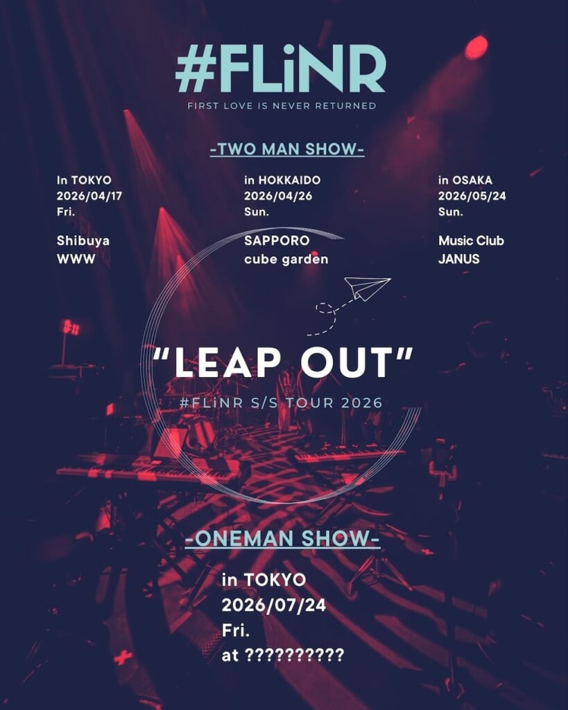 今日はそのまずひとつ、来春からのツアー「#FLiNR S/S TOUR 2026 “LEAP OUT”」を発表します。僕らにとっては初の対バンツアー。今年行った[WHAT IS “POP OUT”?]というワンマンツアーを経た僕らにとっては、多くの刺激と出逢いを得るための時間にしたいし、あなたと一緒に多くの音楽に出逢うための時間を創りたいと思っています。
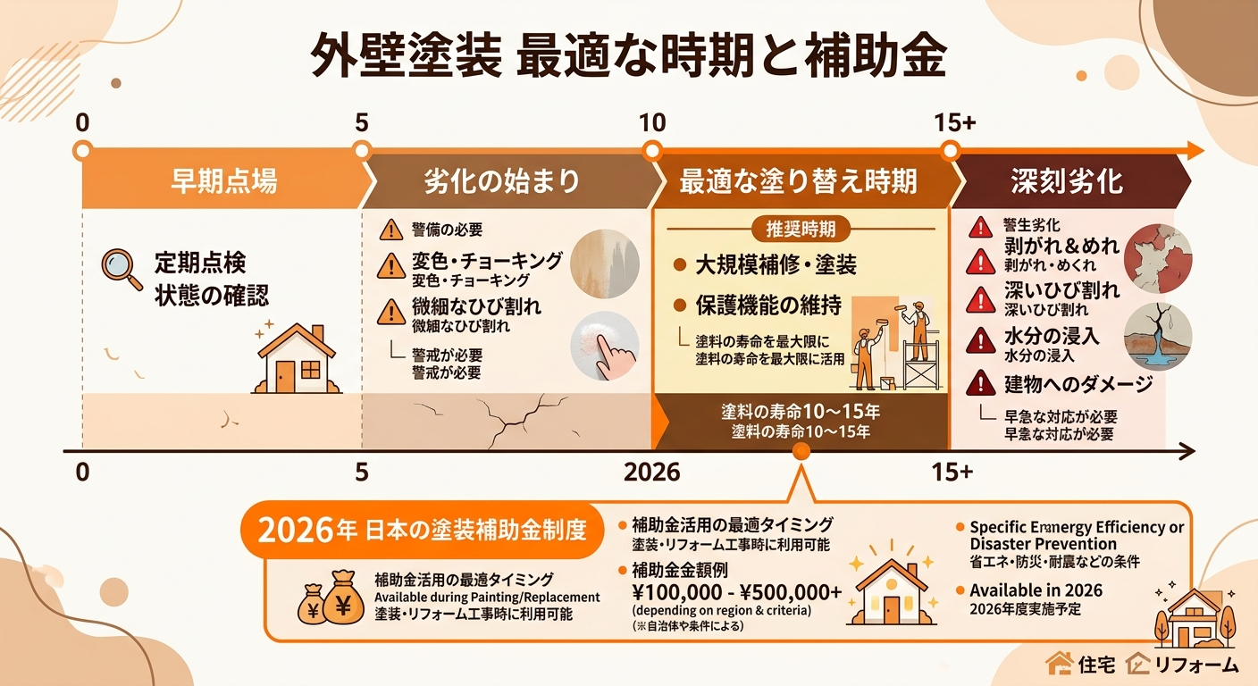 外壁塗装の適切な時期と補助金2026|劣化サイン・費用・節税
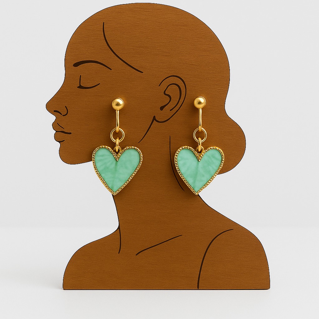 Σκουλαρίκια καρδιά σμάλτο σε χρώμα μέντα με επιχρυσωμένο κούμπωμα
......
- **Aim of the task**
Leave out the pictures and repeat the remaining data exactly.

- **Result below**
 今日はそのまずひとつ、来春からのツアー「#FLiNR S/S TOUR 2026 “LEAP OUT”」を発表します。僕らにとっては初の対バンツアー。今年行った[WHAT IS “POP OUT”?]というワンマンツアーを経た僕らにとっては、多くの刺激と出逢いを得るための時間にしたいし、あなたと一緒に多くの音楽に出逢うための時間を創りたいと思っています。
 外壁塗装の適切な時期と補助金2026|劣化サイン・費用・節税
 Σκουλαρίκια καρδιά σμάλτο σε χρώμα μέντα με επιχρυσωμένο κούμπωμα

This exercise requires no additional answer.